Organiser:Susan Boynton, Department of Music, Columbia University
Moderator/Chair:Susan Boynton, Department of Music, Columbia University
Paper 318-aWomen Worshipping in Brussels: A 14th-Century Processional at Columbia University
(Language: English)
Karen Hiles, Department of Music, Columbia University
Index terms: Liturgy, Manuscripts and Palaeography, Music
Paper 318-cA New Source for the Parisian Conductus Sursum corda elevate
(Language: English)
Susan Boynton, Department of Music, Columbia University
Index terms: Manuscripts and Palaeography, Music
Abstract

Abstract Paper -a: Housed in the Rare Books and Manuscripts Library at Columbia University, Plimpton MS 034 is a modestly-illuminated fourteenth-century processional containing processions for six feasts. The centrepiece of the small book is a double hymn with an apparently unique melody. Here, O decus virgineum, a hymn to St Clare, is underlaid beneath a hymn to St Francis, O stupor et guadium, and the emphasis on these two saints provides one of the few clues to the manuscript’s provenance. The colphon was signed by a scribe named Johannes de Havere, who dated his signature ‘1351’ but left no record of his location. Until now, curators at Columbia have assumed that Havere was working somewhere in the Low Countries at a convent of St Clare, based on the double hymn and the frequent references to ‘sisters’ in the manuscript’s rubrics. A comparison to the colophon of Bruxelles, B.N. 1870, a collectarium-capitularium copied in 1348 at the Convent of Saint-Clarisses in Brussels, reveals the signature of the same scribe, and suggests that the processional and the collectarium were copied and used in the same Brussels community of ‘Rich’ or Urbanist Clares founded in 1343.
This discovery is important for two reasons: first, it contextualizes the processional within the existing body of information comcerning convents of Rich Clares across the Low Countries and the Brussels community in particular. Secondly, the processional can now join the sparse surviving repertory from fourteenth-century Northern European convents. Relatively few of the extant liturgical books from these types of institutions in Brussels date from before 1550 (Haagh, 1994), and almost all contain widely-known repertory.

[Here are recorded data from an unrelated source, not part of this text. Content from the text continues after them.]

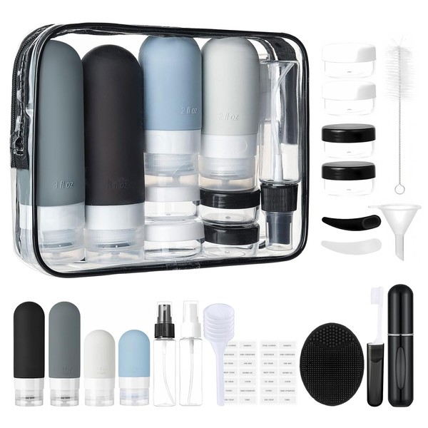 - 【Juego completo de 20 piezas】Este juego incluye 2 botellas de viaje de 90 ml, 2 botellas de viaje de 60 ml, 4 botellas de viaje de 10 g, 2 botellas de spray de 30 ml, 2 cucharas, 1 embudo, 1 cuentagotas pequeño, 1 perfume. botella, 1 cepillo de dientes plegable, 1 cepillo de masaje facial, 1 cepillo de limpieza de botellas, 1 papel de etiqueta y 1 bolsa de cosméticos transparente, que satisface todas sus necesidades de viaje.
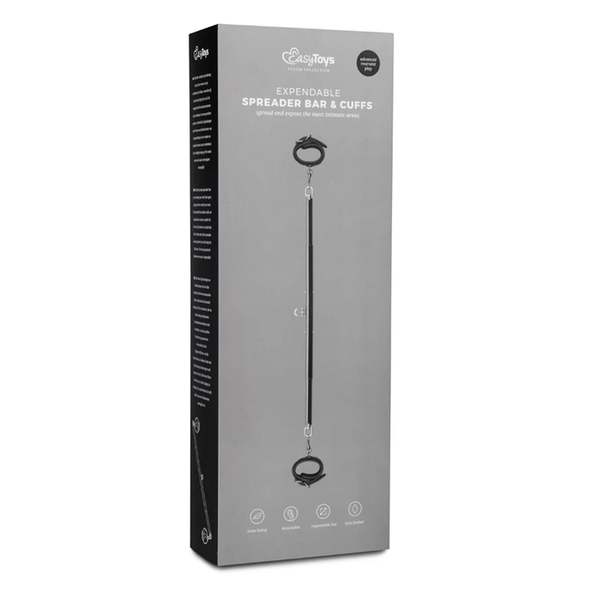 De spreader bar en handboeien komen in een prachtig mooie verpakking aangeleverd en straalt zelfs een knap staaltje luxe uit. De doos waarin de bar en de handboeien liggen is voorzien van stevig zwart karton en heeft zelfs een magnetische sluiting zodat de doos mooi dicht blijft.
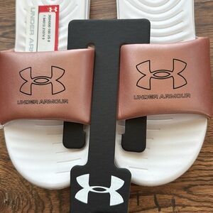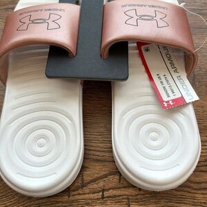 Women UA Under Armour UA W ANSA LE Slide Sandals. Size 8. Rose Gold/Pink White.
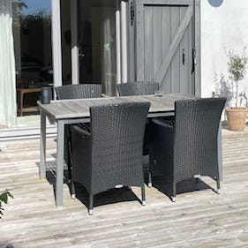 Matgrupp för utomhusbruk bestående av ett rektangulärt bord och stolar i kombination av trä och metall. Bordsskivan är uppbyggd av trälameller med mörk metallram och ben. Stolarna har trädetaljer i sits och rygg samt metallstativ. Stolsdynor i neutral, ljusgrå färg ingår. Passar som utemöbler på altan, balkong eller uteplats för måltider och samvaro.
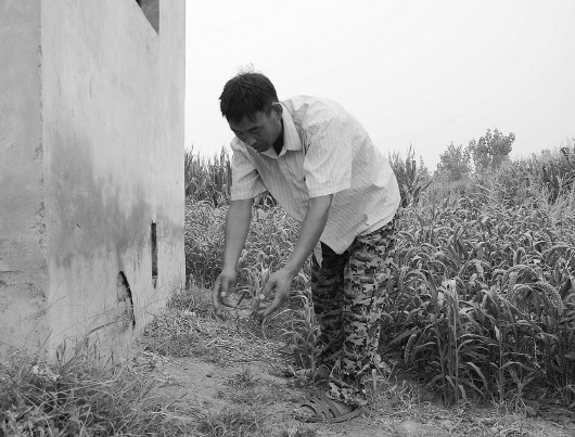 好心村民李贵生回忆在田地机井屋旁捡到孩子的场景。

A more precise understanding of the origins of Plimpton MS 034, especially as it contains a unique, locally-composed chant, can reveal much about life and worship in one of the few centres for St Clares in medieval Belgium.

Abstract Paper -b: The paper will present unique chants in the Conception office in the fifteenth-century manuscript from Perugia, now kept in the Rare Book and Manuscript Library at Columbia University.

Abstract Paper -c: A thirteenth-century fragment partially disengaged from the binding of a printed book in the Rare Book and Manuscript Library at Columbia University contains part of the first strophe of the two-voice conductus Sursum corda elevate. The fragment is related in style and decoration to the central sources of Notre-Dame polyphony.